▶ _WHAT TO PRODUCE_
In the records below, the lines between the one holding "Las líneas definidas" and the one holding "- The spurious", inclusive, are to be transcribed exactly; no pictures are to be included.

▶ _DATA EXTRACTS_
[Start of Attachment]

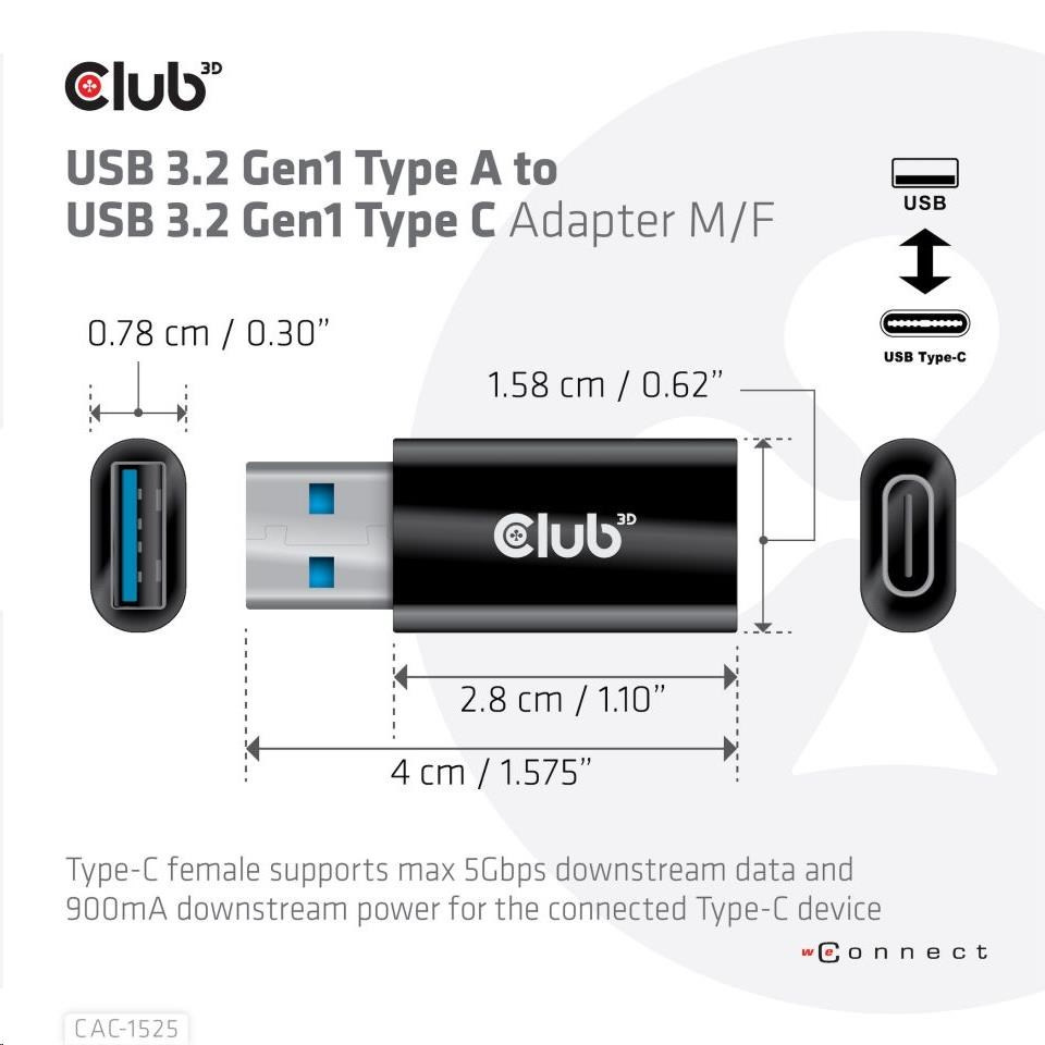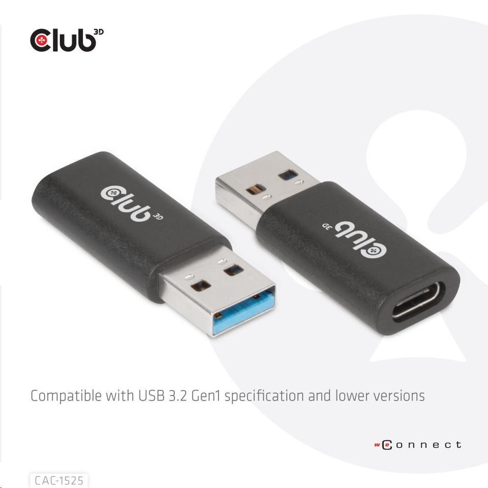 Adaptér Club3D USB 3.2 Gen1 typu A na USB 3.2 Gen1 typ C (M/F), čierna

[End of Attachment]
[Start of Attachment]

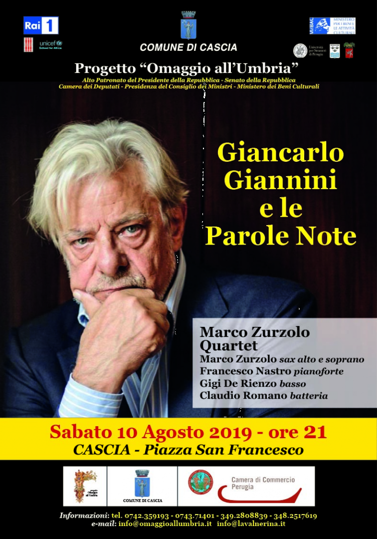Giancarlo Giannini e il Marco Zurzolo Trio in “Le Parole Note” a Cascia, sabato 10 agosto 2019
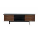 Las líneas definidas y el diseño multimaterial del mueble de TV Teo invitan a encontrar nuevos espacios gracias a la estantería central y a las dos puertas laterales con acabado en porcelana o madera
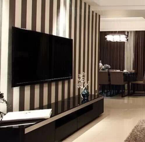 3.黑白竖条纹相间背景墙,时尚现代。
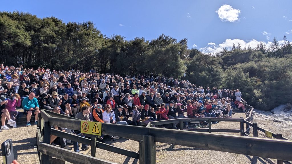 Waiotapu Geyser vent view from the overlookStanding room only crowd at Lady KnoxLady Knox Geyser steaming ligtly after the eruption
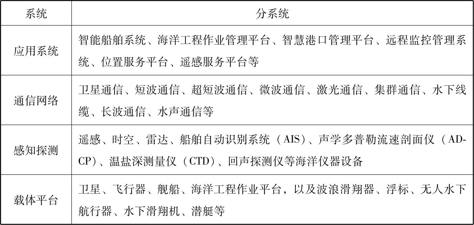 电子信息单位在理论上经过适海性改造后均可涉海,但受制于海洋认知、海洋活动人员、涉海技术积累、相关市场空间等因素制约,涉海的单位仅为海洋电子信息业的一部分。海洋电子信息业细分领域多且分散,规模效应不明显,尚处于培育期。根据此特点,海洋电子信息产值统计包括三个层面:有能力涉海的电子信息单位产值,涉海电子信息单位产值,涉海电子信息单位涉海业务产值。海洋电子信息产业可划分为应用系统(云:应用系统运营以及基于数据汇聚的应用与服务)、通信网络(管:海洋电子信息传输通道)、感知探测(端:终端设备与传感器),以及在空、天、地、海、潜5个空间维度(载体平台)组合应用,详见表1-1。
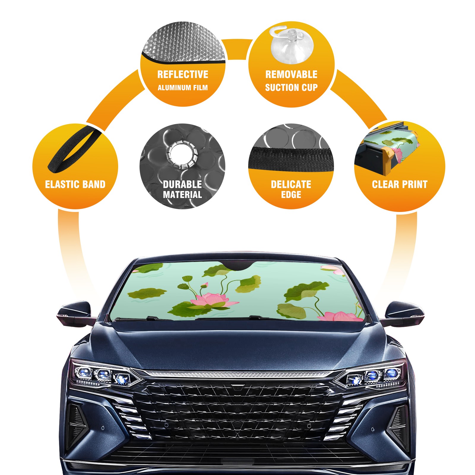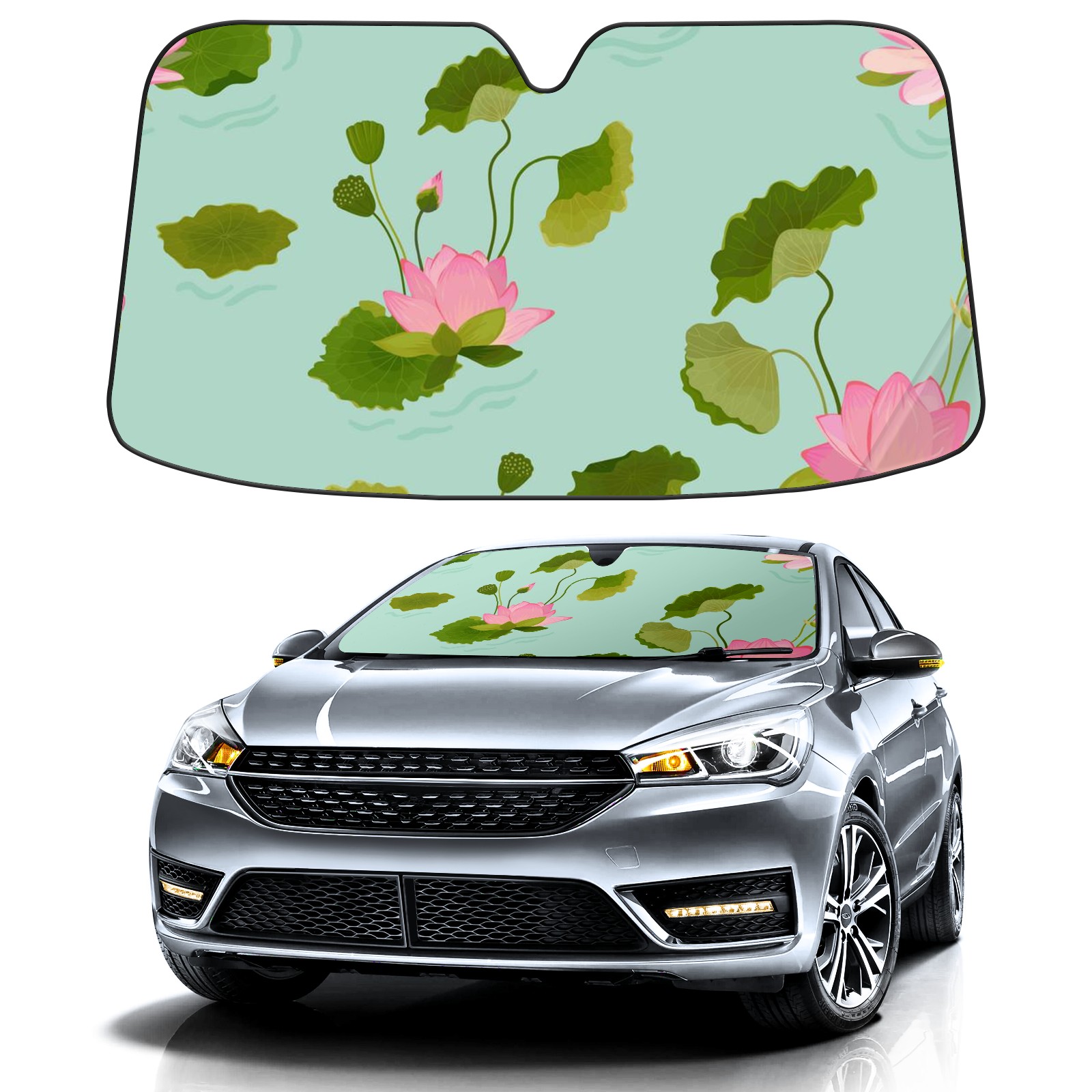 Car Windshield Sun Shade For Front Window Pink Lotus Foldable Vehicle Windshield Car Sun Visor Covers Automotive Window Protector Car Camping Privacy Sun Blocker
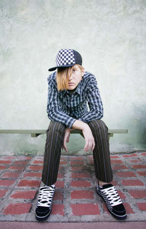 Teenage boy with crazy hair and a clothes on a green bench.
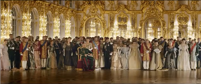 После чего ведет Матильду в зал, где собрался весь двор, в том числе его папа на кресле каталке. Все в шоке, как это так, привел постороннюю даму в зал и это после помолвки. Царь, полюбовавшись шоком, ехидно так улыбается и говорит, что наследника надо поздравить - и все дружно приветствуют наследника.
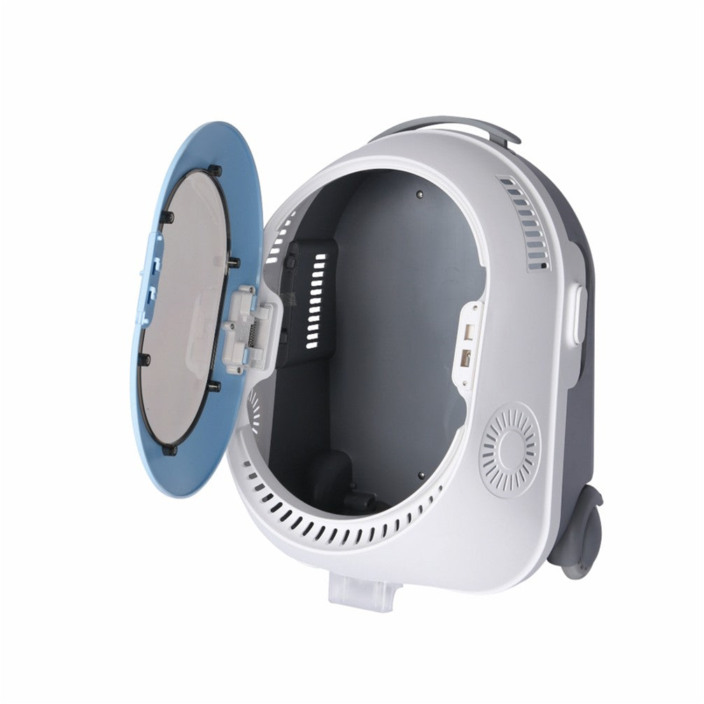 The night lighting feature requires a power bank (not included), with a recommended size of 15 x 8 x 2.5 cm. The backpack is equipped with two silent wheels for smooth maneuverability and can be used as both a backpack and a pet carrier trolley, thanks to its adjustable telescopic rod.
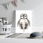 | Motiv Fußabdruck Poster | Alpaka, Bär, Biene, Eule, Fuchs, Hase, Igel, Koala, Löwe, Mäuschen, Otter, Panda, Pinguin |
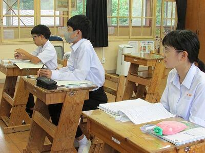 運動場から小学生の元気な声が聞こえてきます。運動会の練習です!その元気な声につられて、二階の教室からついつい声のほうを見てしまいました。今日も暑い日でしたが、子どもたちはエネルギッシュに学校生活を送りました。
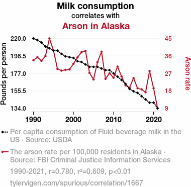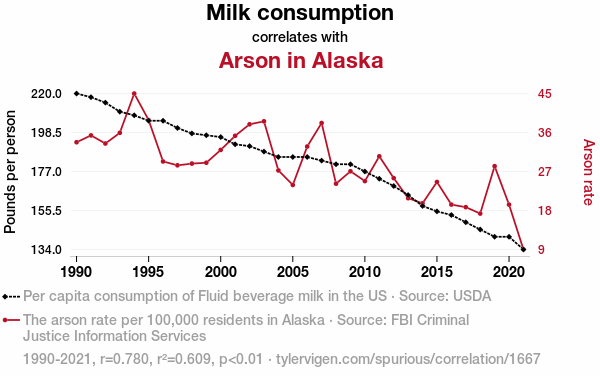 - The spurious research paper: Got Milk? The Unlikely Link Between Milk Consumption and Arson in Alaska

[End of Attachment]

▶ _RESPONSE TO THIS TASK_
 Las líneas definidas y el diseño multimaterial del mueble de TV Teo invitan a encontrar nuevos espacios gracias a la estantería central y a las dos puertas laterales con acabado en porcelana o madera
 3.黑白竖条纹相间背景墙,时尚现代。
 Waiotapu Geyser vent view from the overlookStanding room only crowd at Lady KnoxLady Knox Geyser steaming ligtly after the eruption
 电子信息单位在理论上经过适海性改造后均可涉海,但受制于海洋认知、海洋活动人员、涉海技术积累、相关市场空间等因素制约,涉海的单位仅为海洋电子信息业的一部分。海洋电子信息业细分领域多且分散,规模效应不明显,尚处于培育期。根据此特点,海洋电子信息产值统计包括三个层面:有能力涉海的电子信息单位产值,涉海电子信息单位产值,涉海电子信息单位涉海业务产值。海洋电子信息产业可划分为应用系统(云:应用系统运营以及基于数据汇聚的应用与服务)、通信网络(管:海洋电子信息传输通道)、感知探测(端:终端设备与传感器),以及在空、天、地、海、潜5个空间维度(载体平台)组合应用,详见表1-1。
 Car Windshield Sun Shade For Front Window Pink Lotus Foldable Vehicle Windshield Car Sun Visor Covers Automotive Window Protector Car Camping Privacy Sun Blocker
 Teenage boy with crazy hair and a clothes on a green bench.
 После чего ведет Матильду в зал, где собрался весь двор, в том числе его папа на кресле каталке. Все в шоке, как это так, привел постороннюю даму в зал и это после помолвки. Царь, полюбовавшись шоком, ехидно так улыбается и говорит, что наследника надо поздравить - и все дружно приветствуют наследника.
 The night lighting feature requires a power bank (not included), with a recommended size of 15 x 8 x 2.5 cm. The backpack is equipped with two silent wheels for smooth maneuverability and can be used as both a backpack and a pet carrier trolley, thanks to its adjustable telescopic rod.
 | Motiv Fußabdruck Poster | Alpaka, Bär, Biene, Eule, Fuchs, Hase, Igel, Koala, Löwe, Mäuschen, Otter, Panda, Pinguin |
 運動場から小学生の元気な声が聞こえてきます。運動会の練習です!その元気な声につられて、二階の教室からついつい声のほうを見てしまいました。今日も暑い日でしたが、子どもたちはエネルギッシュに学校生活を送りました。
 - The spurious research paper: Got Milk? The Unlikely Link Between Milk Consumption and Arson in Alaska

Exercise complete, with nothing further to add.